Vermont Fuel Dealers to meet with Treasury Secretary Paulsen

November 10, 2008

(Submitted by the VFDA) The Vermont Fuel Dealers Association and eight other trade associations have asked US Treasury Secretary Henry Paulsen for a meeting to discuss the financial issues faced by heating fuel retailers. Late Friday, we received word that a meeting is in the works. We all took this extraordinary step to ensure that the voice of small businesses, not just Wall Street and multinational corporations, gets heard.
This is what we intend to tell Secretary Paulsen.
The Economic Emergency Stabilization Act isn't supposed to pay for bonuses to executives. The $700 billion appropriated by Congress is supposed to free up lending to small businesses and consumers in order to jumpstart the economy. That isn't happening.
Just be patient, some argue, the impact will take time to trickle down. But time is a luxury the heating fuel industry does not have. It is getting colder and peak winter demand is approaching.

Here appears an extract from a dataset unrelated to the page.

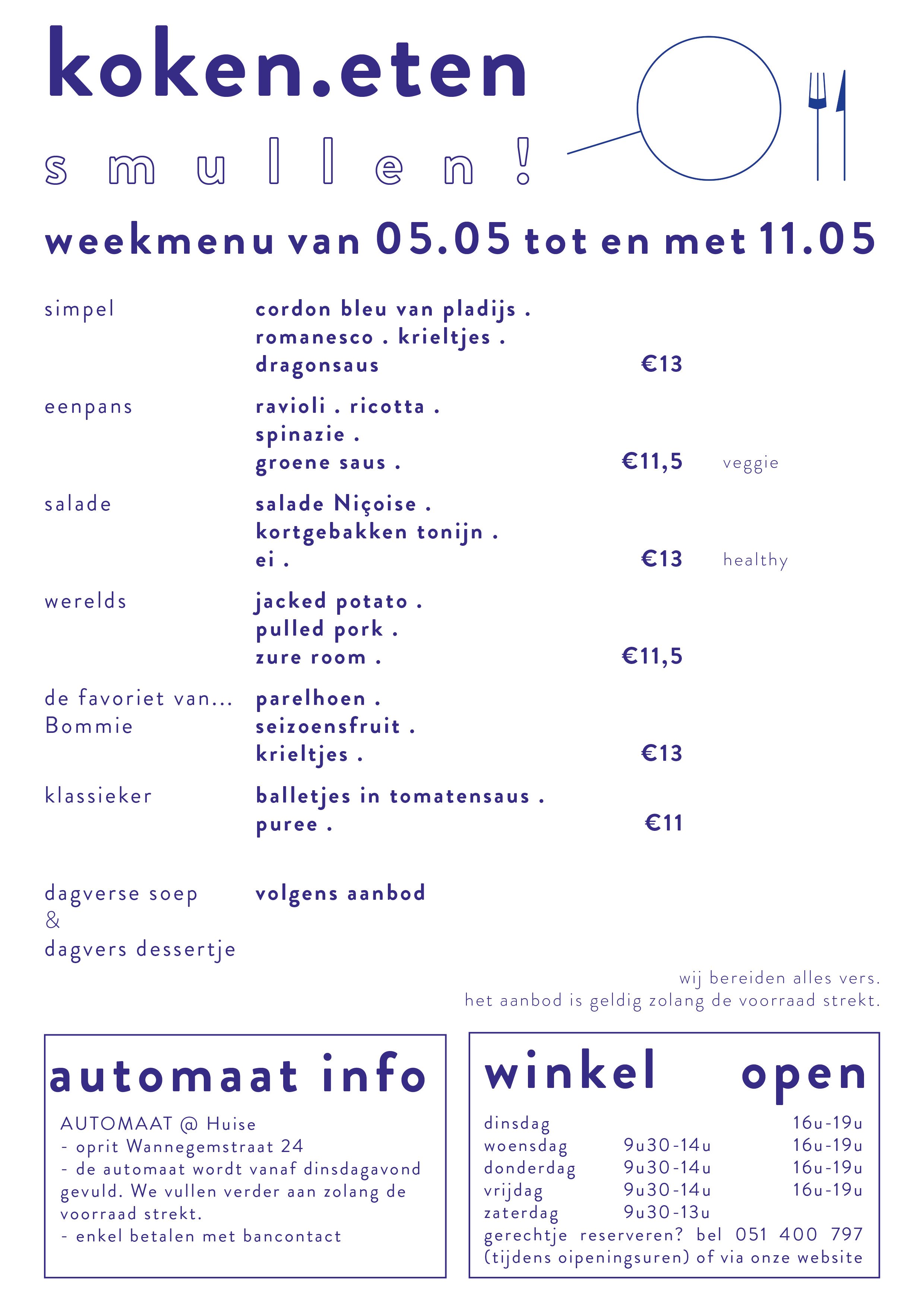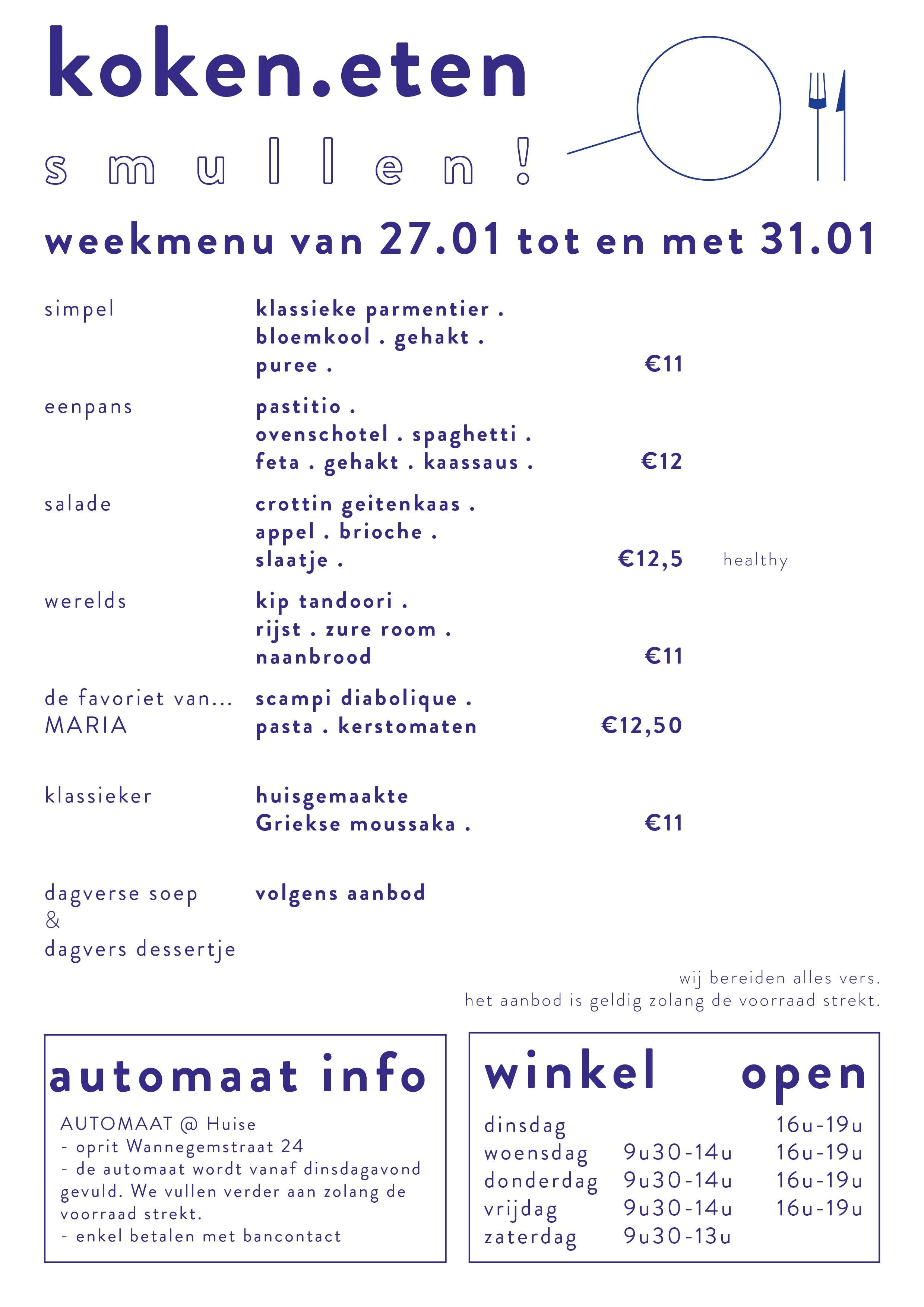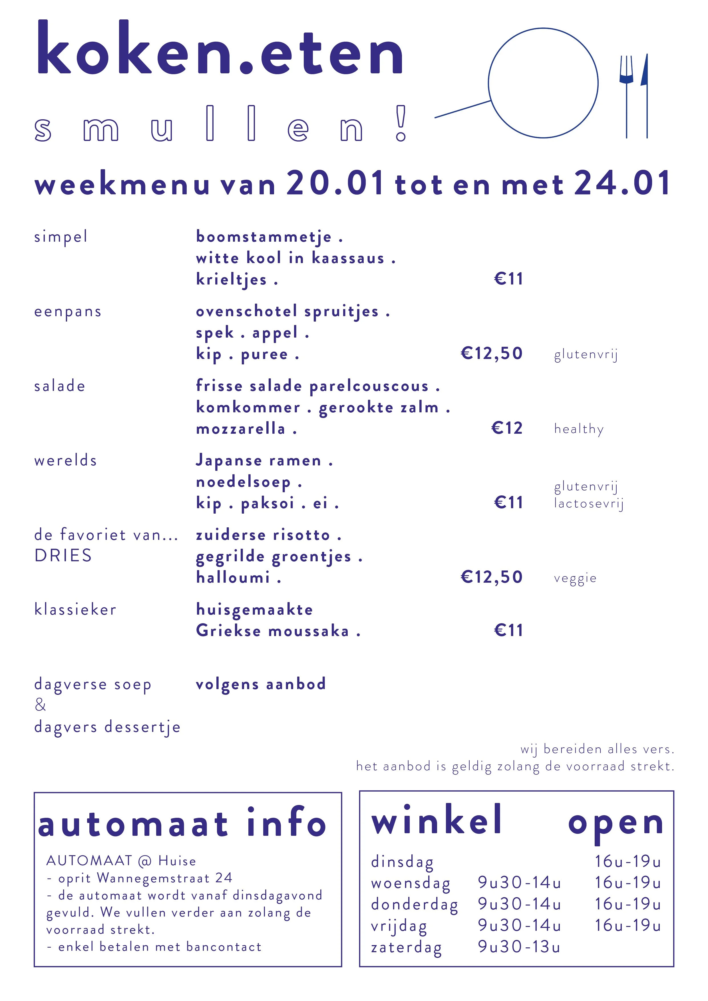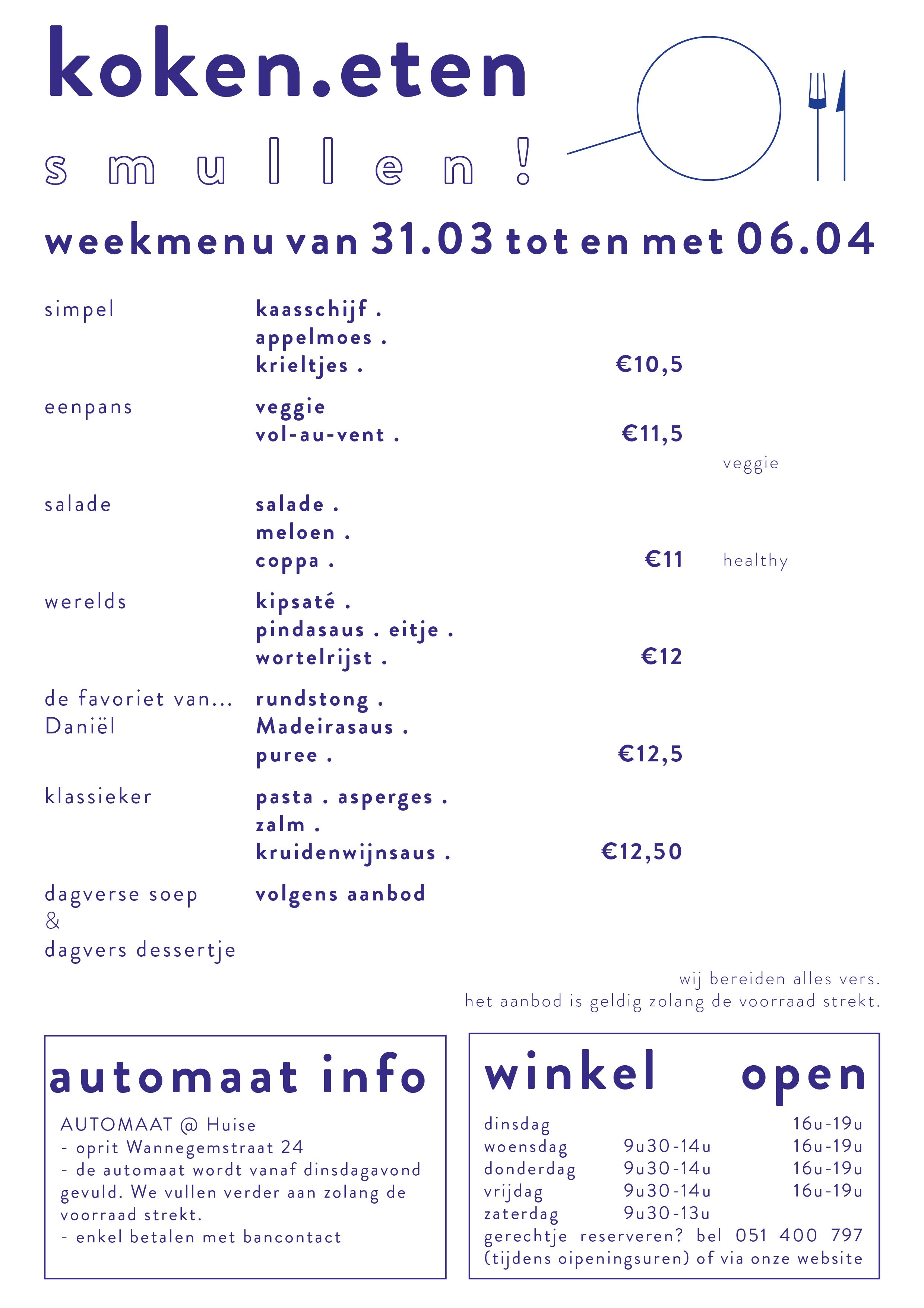 We maken van dinsdag tot en met zaterdag 6 verschillende gerechten die dagvers worden aangevuld met soep en dessertjes. Wij staan er om bekend om op maat van de klant te werken. Wij houden dus graag rekening met allergenen en dieetvoorschriften (tijdig laten weten).

Wall Street speculators drove energy prices through the roof this spring and early summer. Consumers came to us in great numbers and demanded protection in the form of fixed price contracts. Our companies had to lock in very expensive wholesale supply contracts in order to meet that consumer demand.
A critic from a Texas based energy consulting firm read our letter to Secretary Paulsen and wrote to VFDA:

"Your customers made an unwise choice. That's not the oil dealer's fault. It was just a dumb decision by the customer. Are you suggesting your dealers give their customers $3 heating oil with no consequences to the customer for being stupid and buying at a higher fixed-price?"

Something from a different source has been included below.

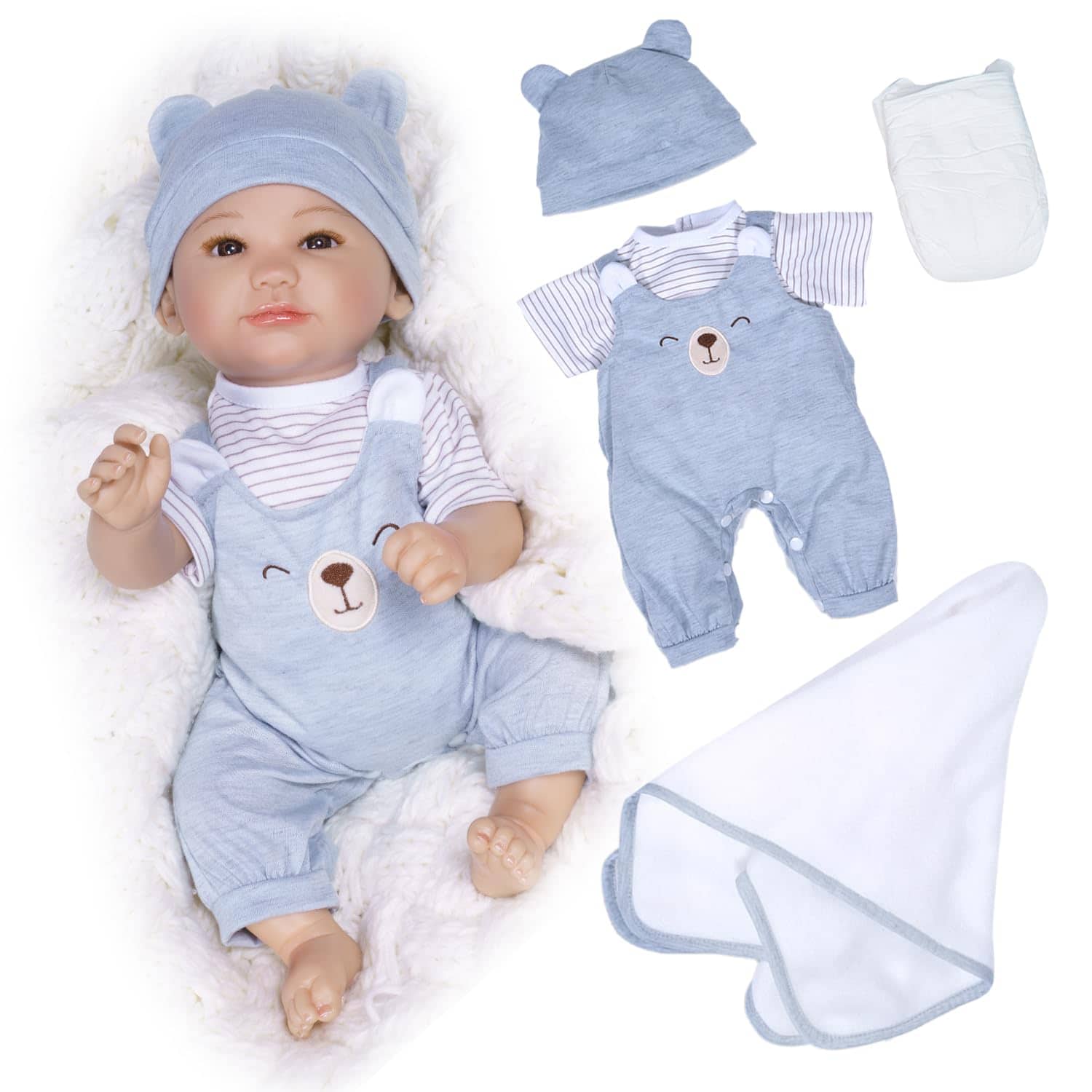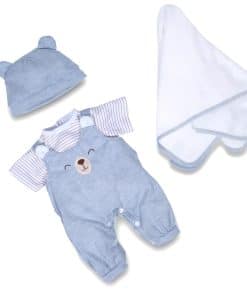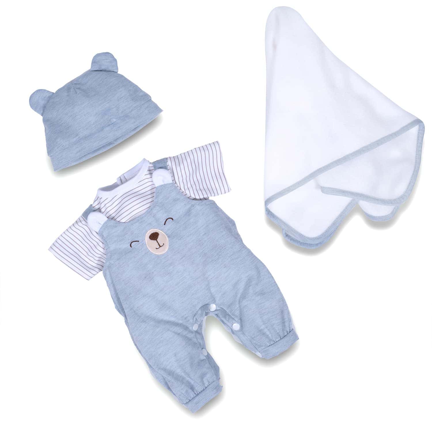 4. Viene con una camiseta a rayas marrón y blanca, un mono gris con una cara de oso bordada y orejas blancas, un gorro gris a juego con orejas 3D, y una manta de lana blanca.

The comment demonstrates the arrogance of speculators who made billions at our expense. Vermonters are decent, hard working and thoughtful people who were simply trying to protect themselves and their families while Wall Street was cheering a bull market in crude oil. This summer heating oil customers were told by everyone, from environmentalists to T. Boone Pickens, that the end of oil was coming. Crude oil had increased by $50 in a matter of months-- rising to $147 a barrel in July. During this run-up they were told by Goldman Sachs that $200 a barrel was next. Facing $4.50 a gallon retail heating oil in July, they were told by the best and the brightest on Wall Street and CNBC to expect to pay $7 a gallon by the time the snow flies.

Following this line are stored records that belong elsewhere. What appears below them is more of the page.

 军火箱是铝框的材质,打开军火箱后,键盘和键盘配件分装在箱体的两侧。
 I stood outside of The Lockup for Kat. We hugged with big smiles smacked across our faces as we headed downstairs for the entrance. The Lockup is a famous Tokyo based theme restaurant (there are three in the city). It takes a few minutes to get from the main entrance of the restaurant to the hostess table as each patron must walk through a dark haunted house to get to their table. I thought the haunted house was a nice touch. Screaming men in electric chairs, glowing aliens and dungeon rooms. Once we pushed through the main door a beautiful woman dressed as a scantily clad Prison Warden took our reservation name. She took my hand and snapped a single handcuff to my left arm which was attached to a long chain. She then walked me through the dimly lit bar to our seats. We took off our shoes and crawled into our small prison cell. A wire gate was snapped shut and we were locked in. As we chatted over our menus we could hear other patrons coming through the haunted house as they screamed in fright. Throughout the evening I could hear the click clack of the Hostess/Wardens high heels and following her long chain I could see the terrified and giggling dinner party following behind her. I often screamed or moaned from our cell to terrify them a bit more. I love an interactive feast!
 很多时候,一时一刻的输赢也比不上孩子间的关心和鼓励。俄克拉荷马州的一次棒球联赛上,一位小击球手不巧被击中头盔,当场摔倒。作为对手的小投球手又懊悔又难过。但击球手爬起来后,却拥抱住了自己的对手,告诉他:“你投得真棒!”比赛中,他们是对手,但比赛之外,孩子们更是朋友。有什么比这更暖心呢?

There was a panic. Many consumers locked in a fixed price. And, as required by Vermont law, so did the dealers.
We are the face of Main Street, local business men and women who live in the communities where we work. We are not asking for a bail out or a hand out. We want to borrow money and pay it back. We simply want the system to work as Congress intended, to free up commercial and consumer lending. This is the point of EESA, the Emergency Economic Stabilization Act. We want the Treasury Secretary to know that for all of the attention to Wall Street, small businesses employee 95% of the nation's workforce. We are the engine that drives the national economy.
It is time to put the EESA to work for all Americans.